The LCWR also wants the Pope to issue a pastoral statement to courts of settler nations, urging them to change laws derived from the doctrine.

The Doctrine of Discovery is a series of papal bulls, or decrees, which gave Christian explorers the right to lay claim to any land that was not inhabited by Christians and was available to be “discovered”.

If its inhabitants could be converted, they might be spared. If not, they could be enslaved or killed.

The Doctrine of Discovery remains influential in legal circles and, since 1823, has been enshrined in US law.

It is often cited as a way of arguing that nomadic Native American Indians occupied the land, but did not own it.

In 2005, US Supreme Court Justice Ruth Bader Ginsburg cited the doctrine in a land-claim ruling against the Oneidas nation.

Late last year, 13 Catholic groups, including the Loreto sisters, officially asked the Pope to rescind the decrees.

“When I learned about it, I was horrified,” said Loreto Sister Maureen Fiedler, who has sent a letter to the Pope on the subject.

Her order marked its 200th anniversary by challenging “the papal sanctioning of Christian enslavement and power over non-Christians”.

US indigenous groups have sought to overturn the doctrine since at least 1984.
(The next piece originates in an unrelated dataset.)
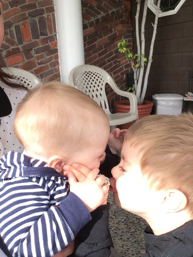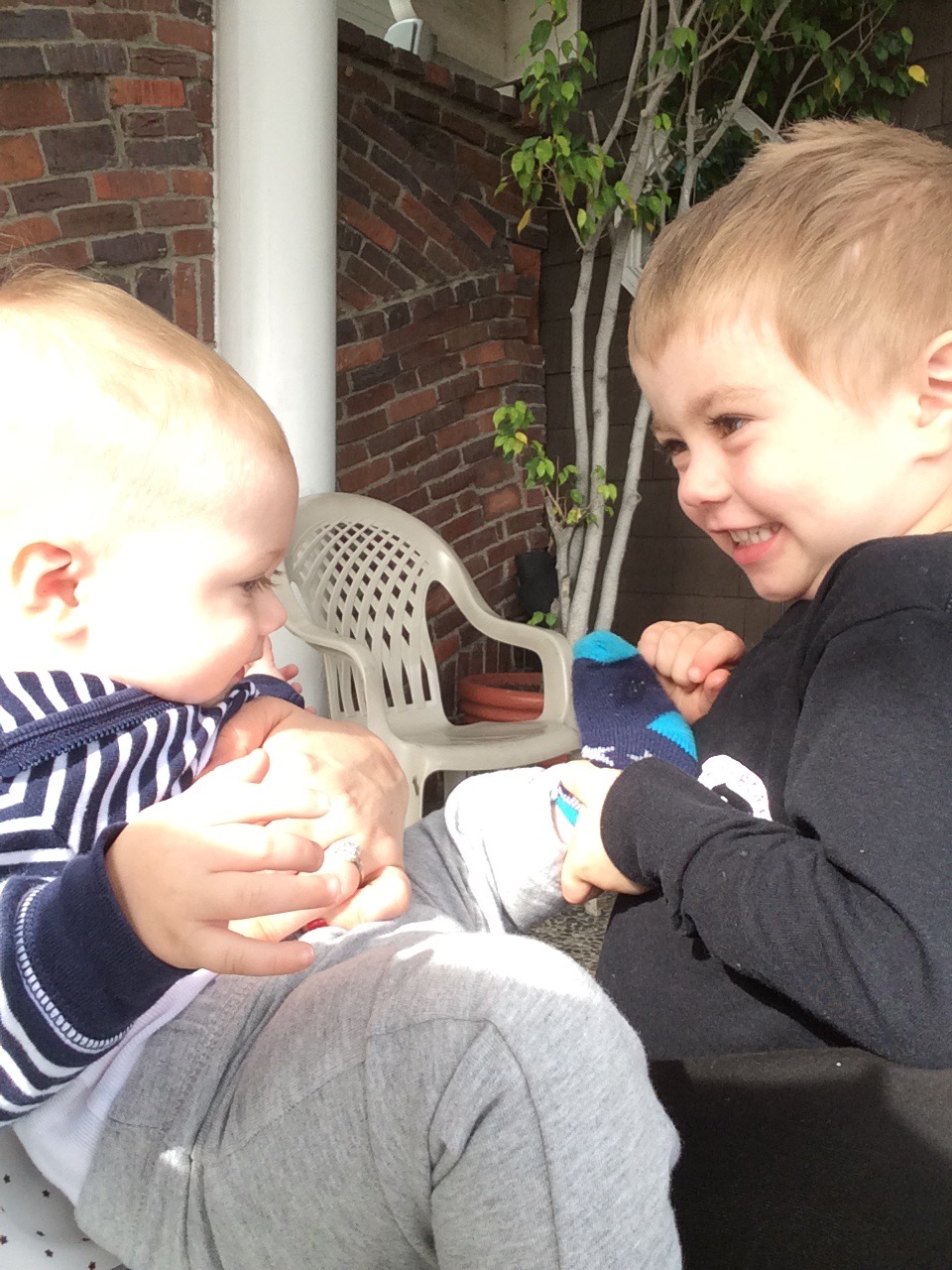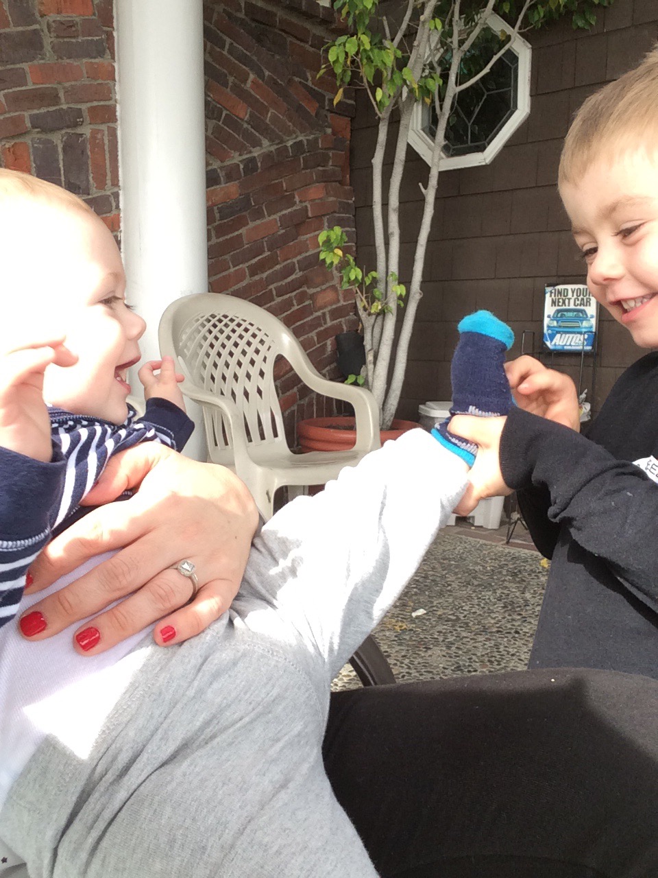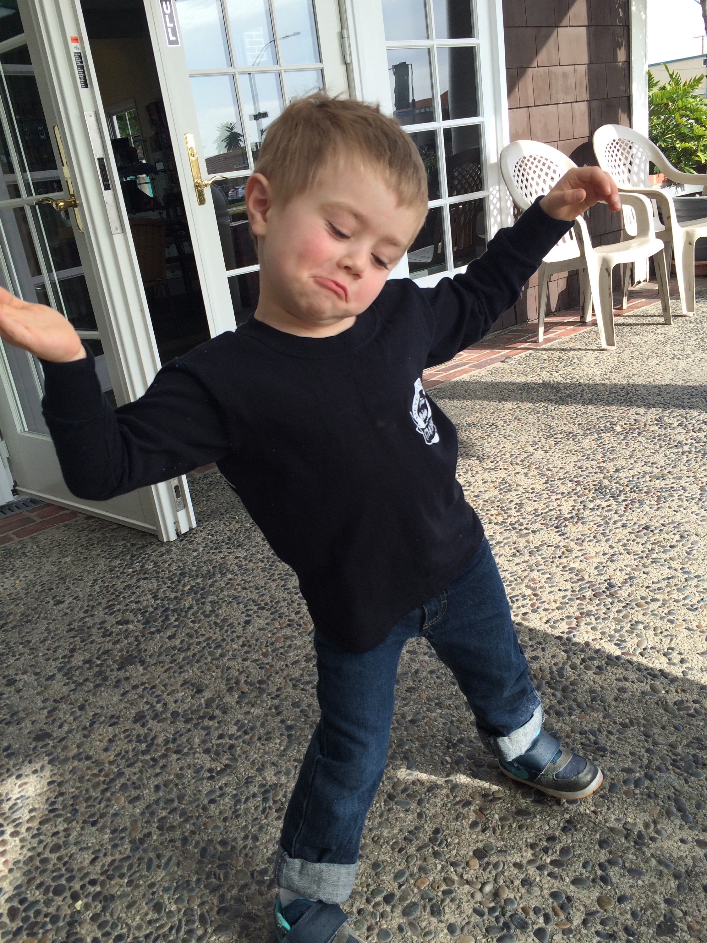 Also, look how cute–we sent daddy a picture of Jacob in his “daddy work shurt” and it turns out that daddy was wearing the same shirt!

In its 2007 Declaration of the Rights of Indigenous Peoples, the United Nations condemned policies like the Doctrine of Discovery.

If the Church was to disavow the doctrine, it would remove a legal argument against tribal land claims, said Oren Lyons, a faith keeper of the Turtle clan in the Onondaga nation.

The Vatican has said that later bulls and papal apologies show the Church no longer supports the doctrine.

“The wrongs done to the indigenous people need to be honestly acknowledged,” Saint John Paul II said in 1998.

He also delivered a sweeping apology in 2000 for the Church’s mistreatment of groups, including indigenous peoples.